In the News: Pokémon Go at the 9/11 Memorial

••• You can play Pokémon Go at the 9/11 Memorial; naturally, people are upset. —Gothamist

••• “You can’t have a much more stark comparison between two lofts in the prime Manhattan loft neighborhoods than two approximately 2,000 sq ft lofts that sold on the same day, both with high ceilings, both with a mix of classic features dressed up with things like chef’s kitchens, both built as two bedroom + two bath units, both condos.” One was at 43 Wooster, the other at 8 Warren/ And the winner was…. —Manhattan Loft Guy

••• Pier 17 is getting glassed. —YIMBY

••• 70 Vestry will have an “international regulation size” squash court, among other fitness-y amenities. —Real Estate Weekly

••• Fioro opens Tuesday at 191 Pearl in FiDi: “Neapolitan pizzas from the chef Pasquale Cozzolino of Ribalta take a starring role in this financial district fast-casual spot that also serves paninis, salads and pastas, and has an espresso bar.”  —New York Times



  1. Oh look everyone, an ugly Lego Period rectangle which evokes NOTHING of a “seaport” on the East River.

    South Street Glassport

    • It may be ugly, but if architecture expresses outwardly the inner dynamic of what a thing is, this is no more a seaport than my pants are jodhpurs, which they resemble not at all.

      • Try it is ugly. Oh so let’s just make NYC’s riversides malls along the water because it isn’t a real seaport anymore, ok, whatever. They should’ve renovated Pier 17.

        Call it Seaport Mall and be done with it then.

        • I think we’re in partial agreement then. Call it a mall. (I can’t agree that it’s ugly because it doesn’t exist yet, I’m only looking at a rendering).

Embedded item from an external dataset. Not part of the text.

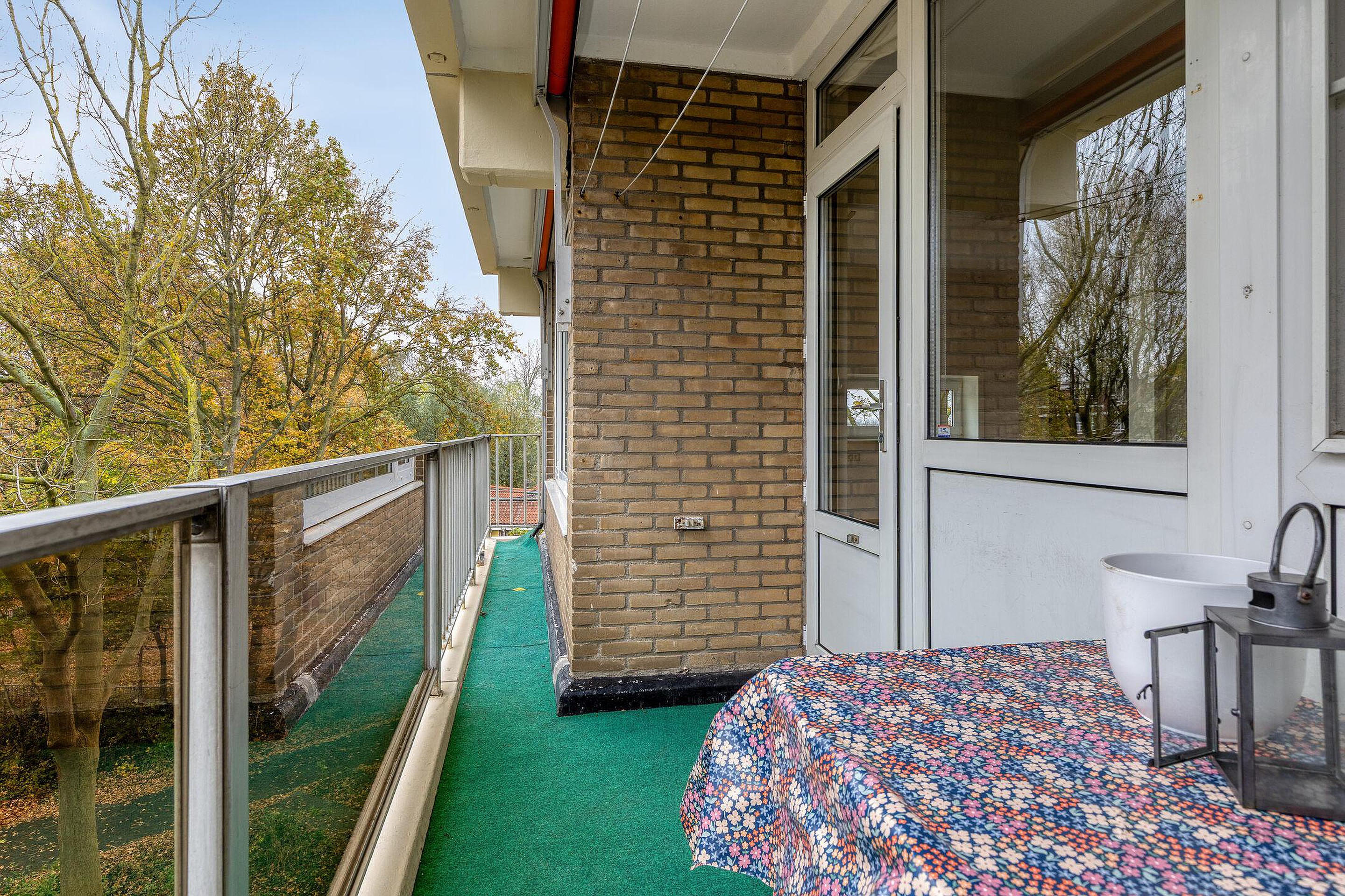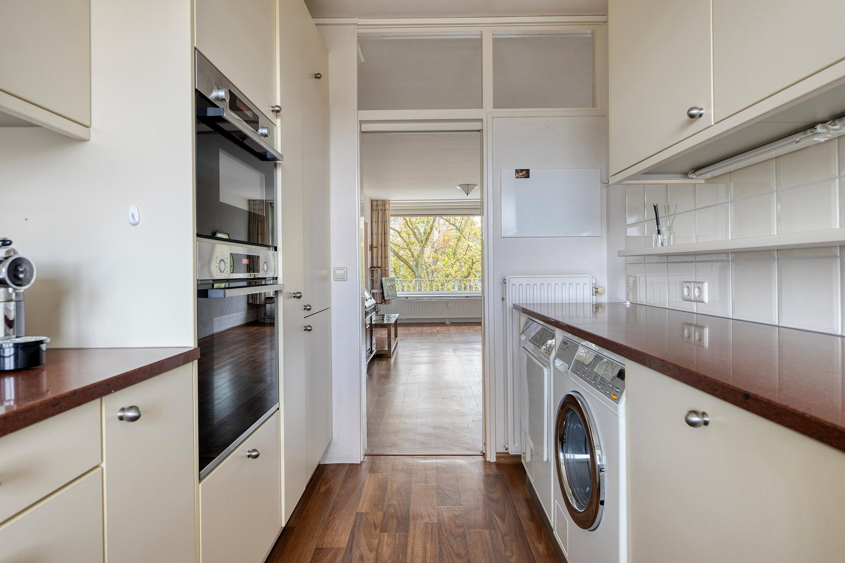 Overkapte galerij, met eigen toegang, zonder buren (dus geen geloop langs uw ramen) waardoor u een extra zitgelegenheid heeft op het oosten (ochtendzon); entree; ruime hal met vernieuwde en uitgebreide meterkast (9 groepen inclusief 3-fase aansluiting t.b.v. inductie), intercom en garderobe; toegang tot de ruime en lichte woon-eetkamer met zijraam en veel prettige lichtinval mede dankzij de grote raampartijen aan de achterzijde. Aansluitend naast de woonkamer is er een ruime zijkamer met een toegangsdeur naar een overdekt balkon op het zonnige westen met bergkast, glazen boarding en elektrisch bedienbaar zonnescherm. Doorloop naar een (slaap)kamer aan de achterzijde thans in gebruik als werkkamer. Vanuit de woonkamer toegang tot een dichte, U-vormige keuken (2004) aan de voorzijde met diverse Bosch inbouwapparatuur (o.a. vaatwasser, oven, magnetron, inductiekookplaat, koel-/vriescombinatie en afzuigkap) en opstelplaats voor zowel wasmachine als wasdroger; gang met modern vrij hangend toilet met fonteintje en ruime bergkast; ruime (hoofd)slaapkamer aan de voorzijde voorzien van inbouw(kleding)kast; vanuit deze slaapkamer is de moderne tot aan het plafond betegelde badkamer met douchecabine met zitplateau, handdoekradiator en wastafel(meubel) met spiegel te bereiken. Nagenoeg de gehele woning is voorzien van een doorgelegde laminaatvloer met houtlook.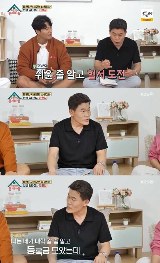 결국 1년을 버렸다는 그가 다시 공부한 계기는 아버지 때문이었다. 전한길은 "고3부터 자취했다. 아버지 농장일 도왔는데 갑자기 아버지가 부르더니 무릎을 꿇으라고 하더라. 대학 갈 줄 알고 등록금 준비해놨는데 이럴 수 있냐 하더니 펑펑 우시더라. 지금까지도 그런 충격이 없다"며 "다음날 바로 자취방으로 가서 공부했다"고 밝혔다.

          It’s a functional building that I don’t think has to reflect anything “nautical” or whatever, because that has nothing to do with its agenda. The park and promenade at BPC were made up out of dirt dug from the site of the original WTC. We make things we find useful, we put them out there, we use them – or we don’t. But there was never a mandate that the park and promenade had to reflect evidence of whatever took place in that waterside site a century ago.

          I notice that this has a huge green roof, suggesting it’s an energy-conscious structure, and that it’ll have a public function, a place where families can picnic and play, with a gorgeous view. So even if one doesn’t care for “malls”, there may be something in this place for them. Frankly I find it clean and orderly, contemporary, functional. Ugly is all over the place, and I wish I could prevent it, but I can’t. And while there may be a sentimental hankering for the good olde-timey days of NYC, when brawny men with handlebar mustaches ruled the docks, they’re gone, the river-borne commerce is gone, and filigreed and ornamented seaport buildings are not (for better or worse) much in vogue. I have to say WADR that I can’t get too exercised about that.